Я произнес эти слова и подумал о том, что они звучат болезненным эхом обращенной ко мне мольбы Армана. Или тщетных уговоров Габриэль десять лет спустя.

– Твое приглашение звучит для меня гораздо более соблазнительно, чем ты можешь себе представить, – ответил он. – Однако если я пойду с тобой, то причиню тебе огромный вред. Потому что я буду всегда стоять между тобой и остальным миром. И изменить что-либо не в моих силах.

Я покачал головой и отвернулся. Меня переполняли печаль и горечь.

– Скажи мне, хочешь ли ты продолжить свое существование? Или ты хочешь, чтобы сбылись предсказания Габриэль?

– Я хочу продолжить.

– В таком случае ты должен уехать. Лет через сто, а быть может меньше, мы встретимся вновь. Меня уже не будет на этом острове. Я должен буду перевезти Тех, Кого Следует Оберегать, куда-нибудь в другое место. Но где бы я ни был и где бы ни был ты, я найду тебя. И тогда я буду тем, кто не захочет с тобой расставаться. Тогда уже я буду умолять тебя остаться со мной. Я полюблю твое общество и беседы с тобой, мне будет приятно просто смотреть на тебя, я стану восхищаться твоей выносливостью и жизненной силой, безрассудностью и отсутствием веры – словом, я буду любить все то, что так сильно люблю в тебе уже сейчас.

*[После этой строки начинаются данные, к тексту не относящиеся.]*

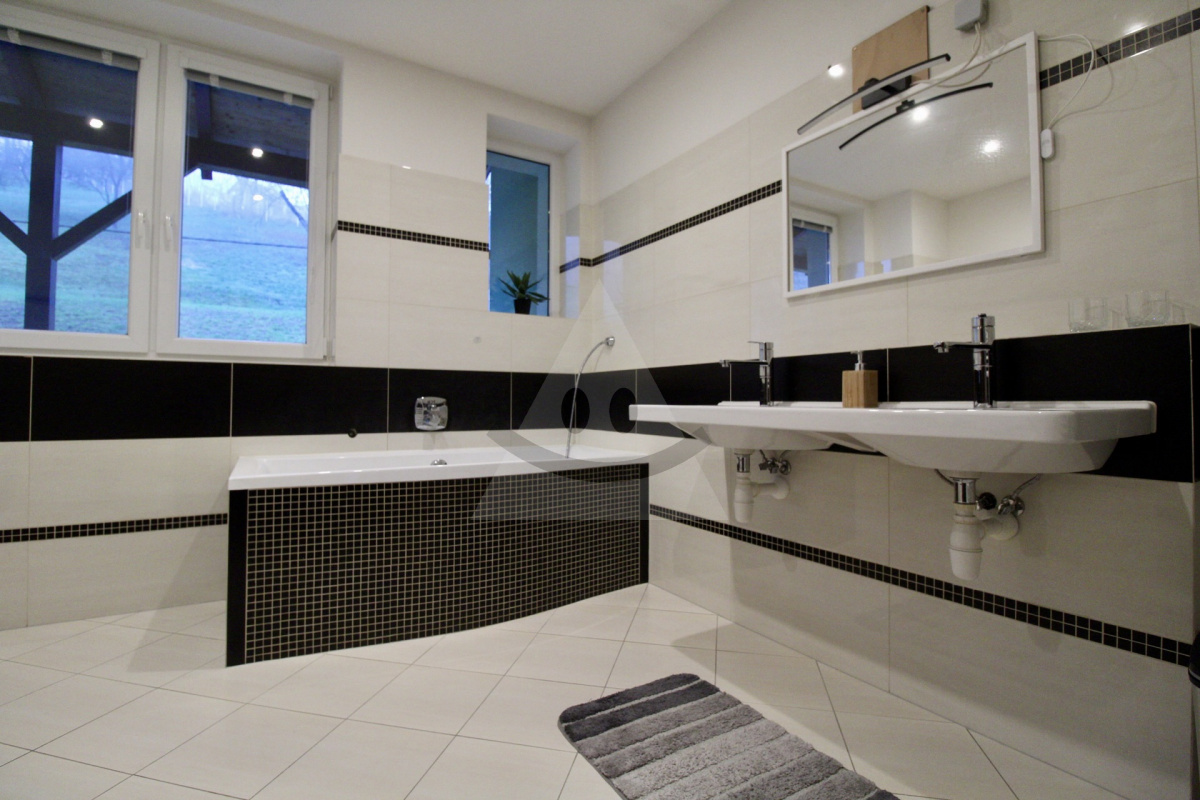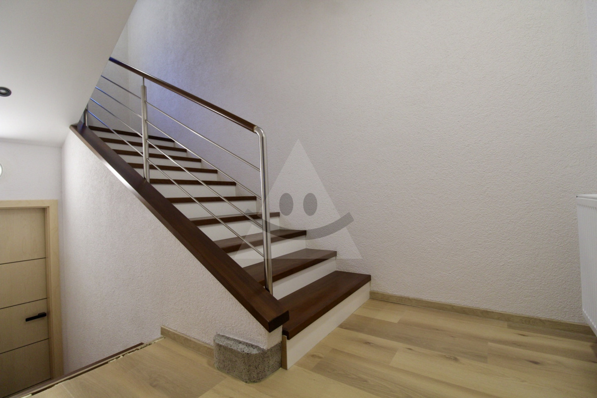 Dominantou domu je prízemie, kde nájdete priestrannú obývaciu izbu čiastočne prepojenú s modernou kuchyňou, špajzou, kúpeľnu so sprchovacím kútom a WC a práčovňu. Schodiskom sa presuniete na 1.poschodie, ktoré disponuje dvomi detskými izbami, spáľnou a nechýba ďalšia kúpeľňa s WC a vaňou. Krásny výhľad z tohto poschodia si môžete vychutnať vďaka samostatnému balkónu. Podkrovie, ku ktorému sa dostanete pokračujúcim schodiskom, je aktuálne využívané ako odkladací priestor, avšak s možnosťou vytvorenia ďalšieho plnohodnotného bývania. Suterén rodinného domu ponúka okrem troch miestností aj technickú miestnosť so sprchovacím kútom a WC.

Я больше не в силах был слушать его, мне казалось, что я сейчас потеряю сознание. Я готов был умолять его, чтобы он позволил мне остаться.

– Неужели сейчас это совершенно невозможно? – спросил я. – Мариус, пожалуйста, подари мне только одну человеческую жизнь! Неужели ты не можешь это сделать?

– Нет, – покачал головой он. – Я могу до бесконечности рассказывать тебе разного рода истории, но они никогда не заменят опыт реальной жизни. Поверь мне, я уже пытался избавить других от необходимости прожить реальную жизнь, однако ничего хорошего из этого не вышло. Я не в силах научить тому, чему учит жизнь. Я не должен был в столь раннем возрасте брать к себе Армана, и века, проведенные им в безумии и страданиях, до сих пор служат мне укором. Заставив его выйти и жить в современном Париже, ты сделал ему величайшее одолжение, но я боюсь, что для него это уже слишком поздно. Поверь мне, Лестат, это непременно должно случиться. Ты просто обязан прожить этот период человеческой жизни, ибо те, кто лишается его, чувствуют себя неудовлетворенными до тех пор, пока все-таки не получают возможность его прожить. Либо они погибают.

– А как же Габриэль?

– Габриэль успела прожить жизнь и даже почти умереть. У нее хватит сил, чтобы снова вернуться в этот мир тогда, когда она посчитает нужным сделать это. Либо она всегда будет ходить по его краю.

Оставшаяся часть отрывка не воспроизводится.